Speaker:A speculator in December 2019 would have no idea that the coronavirus pandemic
Speaker:would take the world economy by storm just one month later.
Speaker:When CEOs fall out of popular favor, shares in their companies can decrease.
Speaker:And individual businesses are constantly working to turn a profit.
Speaker:A business that seems like it’s struggling now may turn itself around in five or ten years.
Speaker:A speculator will miss out on those earnings, but an investor will weather the storm.
Speaker:And on the flip side, a speculator may invest a great deal of money in
Speaker:anticipation of an upcoming advertising campaign or political election, only to
Speaker:find that the public response to those events was very different from what was expected.
Speaker:Speculators don’t look at the asset itself, they just look at the asset’s price action.
Speaker:But looking at the marketplace numbers as simple numbers is misleading.
Speaker:An investor understands that share prices and
Speaker:marketplace trends are reflections of events happening in real life.
Speaker:Those numbers are based on business deals, international relations,
Speaker:major political events, and even public opinion of certain assets.
Speaker:Investors understand that prices are constantly changing,
Speaker:and so they don’t invest for price, they invest for value.
Speaker:Investors choose assets that they can reasonably
Speaker:expect will still be making money in ten or even twenty years from now.
Speaker:Speculators believe that tomorrow is easier to predict than ten years into the future,
Speaker:but in the world of finances, the truth is quite the opposite.
Speaker:If you’re looking for a secure investment strategy,
Speaker:you’re not counting on your investments to pay your bills.
Speaker:The money that you’re putting in now you aren’t expecting to get back for a long time.
Speaker:This is the wealth that you will retire on, the wealth that will help you to live
Speaker:in security and comfort after a lifetime of working and budgeting like everyone else.
Speaker:Dollar cost averaging helps to make investment possible for people of all
Speaker:incomes because it allows the individual to invest only what they have to spare.
Speaker:If you choose to invest $5 a week in your chosen asset because that’s all
Speaker:you have after you’ve paid your bills, that’s ok.
Speaker:If you have $500 a month to invest, that’s ok too.
Speaker:No matter how much you put in, you will get back more.
Speaker:But in order for you to turn a profit, you have to wait.

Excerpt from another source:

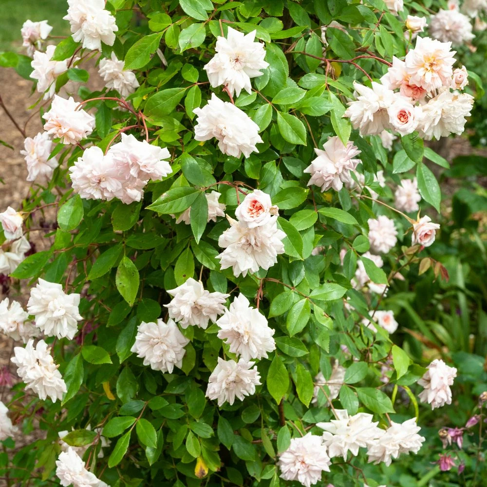 D’une perfection rare en bouton, ses petites roses élégamment turbinées éclosent en rosettes doubles et chiffonnées d’environ 3 à 4 cm de diamètre, comptant en moyenne 30 pétales. Leur teinte délicate rose argenté frais s’éclaircit en rose nacré en plein épanouissement. Généralement groupées en bouquets gracieux de 2 à 10 fleurs, elles répandent un agréable parfum doux et légèrement épicé aux notes de muguet, de poivre et de thé. Coupées, elles composent de splendides bouquets pleins de charme et ont longtemps été utilisées en boutonnière à l’occasion de cérémonies.

Speaker:Like tending a vegetable garden,
Speaker:investors maintain their assets and watch their profits grow,
Speaker:understanding that they won’t be able to reap the fruits of their labor for a long time (Yeo, 2017).
Speaker:Speculators, on the other hand, often don’t have an income.
Speaker:They don’t have another way to pay their bills or maintain their lives.
Speaker:Speculation is a career unto itself, because in order to have
Speaker:any hope of turning a profit they have to study the marketplace in real-time.
Speaker:They have to know as much as they can in order to make accurate predictions,
Speaker:and even then, they often find themselves losing just as much as they gain.
Speaker:Speculation isn’t a long-term plan for security,
Speaker:it’s an attempt to make a lot of money in a short amount of time.
Speaker:How long that money lasts depends on the speculator,
Speaker:the asset, and the whims of a highly volatile marketplace (Yeo, 2017).
Speaker:For this reason, speculators take on a lot more risk than investors do.
Speaker:There is no such thing as a zero-risk
Speaker:investment, and even the most defensive and careful investors sometimes lose money.
Speaker:But speculators understand that there’s a chance of losing the entire principal
Speaker:investment amount, which is nearly impossible for a defensive investor.
Speaker:You may lose something on an investment, but you’ll rarely lose everything.
Speaker:Speculators, on the other hand, lose everything - all the time.
Speaker:While you’ll find speculators and investors in multiple different economic arenas,
Speaker:there are certain territories that are more likely
Speaker:to attract investors than speculators, and vice versa.
Speaker:Investors typically stick to the stock market, bonds,
Speaker:U. S. treasuries, mutual funds, and property.
Speaker:These are all investment markets that, slowly but surely, trend upward.
Speaker:In spite of wide fluctuations, these markets are relatively stable in the long term.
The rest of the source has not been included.